8 Combining Clustering and PCA

Clustering and PCA can be combined to obtain better visualization for clustering and understand the pattern in the dataset. This will be done using biplot using PC1 and PC2 as the axes.

fviz_pca_ind(pca_ws_new,
             geom.ind = "point", # show points only (nbut not "text")
             col.ind = wholesale_x$segment, # color by groups
             palette = c("#00AFBB", "#E7B800", "#FC4E07", "#ee25f5", "#60fa41", "#c2bfbe"),
             addEllipses = TRUE, # Concentration ellipses
             legend.title = "Segment"
             )

The individual observations map describes how each observation is positioned in PC1 and PC2.

💡 Insights:

  • There are some outliers in the data that can be checked with further analysis
  • Segment 6 has more varied PC values, indicated by bigger ellipse sphere and also highest PC1 scores compared to other segments
  • However the data cannot only be represented by only 2 dimensions since the cluster looks like overlapping each other.

Let’s try to add 1 more dimension to see if the clusters is still overlapping.

plot_ly(wholesale_x, x = ~Dim.1, y = ~Dim.2, z = ~Dim.3, color = ~segment, colors = c("black", 
    "red", "green", "blue", "yellow", "cyan")) %>% add_markers() %>% 
  layout(scene = list(xaxis = list(title = 'Dim.1'),
                     yaxis = list(title = 'Dim.2'),
                     zaxis = list(title = 'Dim.3')))

Now we look at the Variable Factor Map where represents correlations between variables.

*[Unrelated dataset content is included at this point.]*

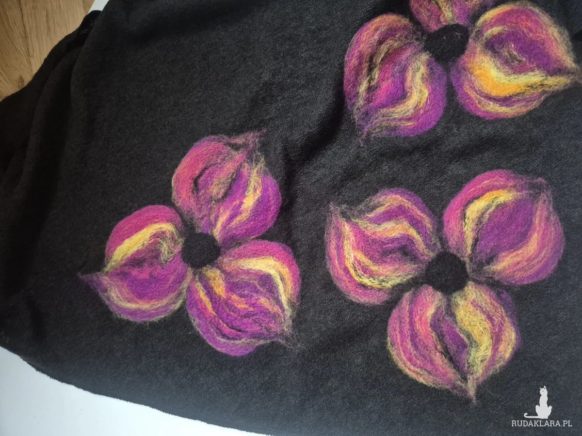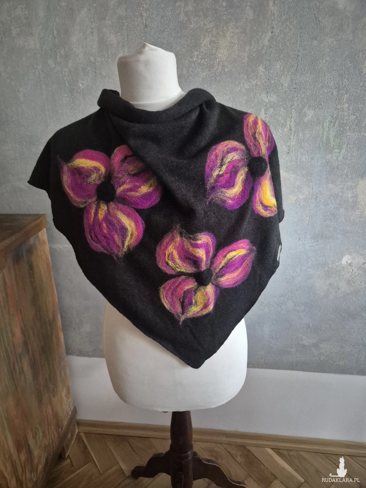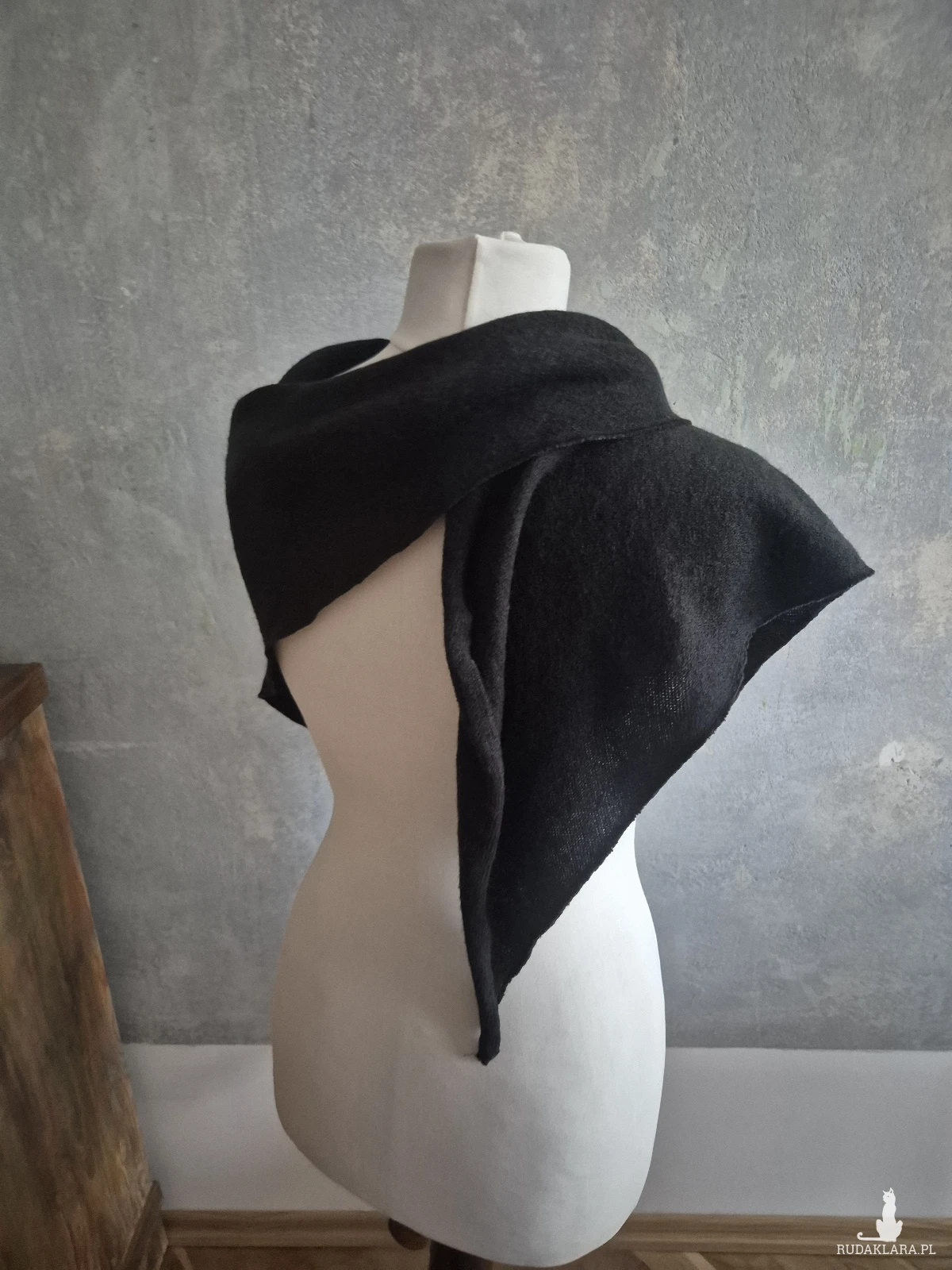 Czarna chusta handmade wełniana, elementy filcowane to wełna merynosów, produkt wysokiej jakości, chusta miła i ciepła, doskonała na chłodne dni, idealna na prezent, wspaniała na codzienne noszenie, zwraca uwagę swą oryginalnością, miękko układa się wokół szyi, absolutny bestseller polecam czas oczekiwania tydzien box p1

plot.PCA(x = pca_ws_new, choix = "var", title = "Variable Factor Map")

💡 Insights:

  • Variables that are highly contributed to PC1 are Grocery, Milk, and Detergents_Paper
  • Variables that are highly contributed to PC2 are Frozen and Fresh
  • Variable Fresh and Frozen have very high positive correlation
  • Variable Milk, Grocery, and Detergents _Paper also have positive correlation

Based on both Individual Observation Map and Variable Factor Map, we can also see that in terms of profiling:

  • Cluster 1: some of the observations are positioned below 0 of PC2 coordinates, which means either Frozen or Fresh has lower contribution
  • Cluster 2: most of the observations are positioned in PC2 coordinates, which means Frozen and Fresh are high contribution
  • Cluster 3: most of the observations are positioned in PC1 coordinates, which means Milk, Grocery and Detergents_Paper are high contribution
  • Cluster 4: most of the observations are positioned below 0 in both PC1 and PC2 coordinates, which means lower contribution in almost all variables
  • Cluster 5: some of the observations are positioned above 0 of PC2 coordinates, which means either Frozen or Fresh has high contribution
  • Cluster 6: most of the observations are positioned varied above 0 in PC1 and PC2 coordinates, which means higher contribution in almost all variables

9 Conclusion

From the unsupervised learning for the wholesale analysis we can conclude:

  1. K-means clustering can be done using the dataset to create 6 clusters for customer segmentation, so that we can do targeted product offering to the customer.
  2. Using PCA (Principal Component Analysis) the data dimension can be reduced from 6 to 4, while still maintaining 91.99% information.
  3. The dataset obtained from PCA can be used for further supervised analysis or visualization.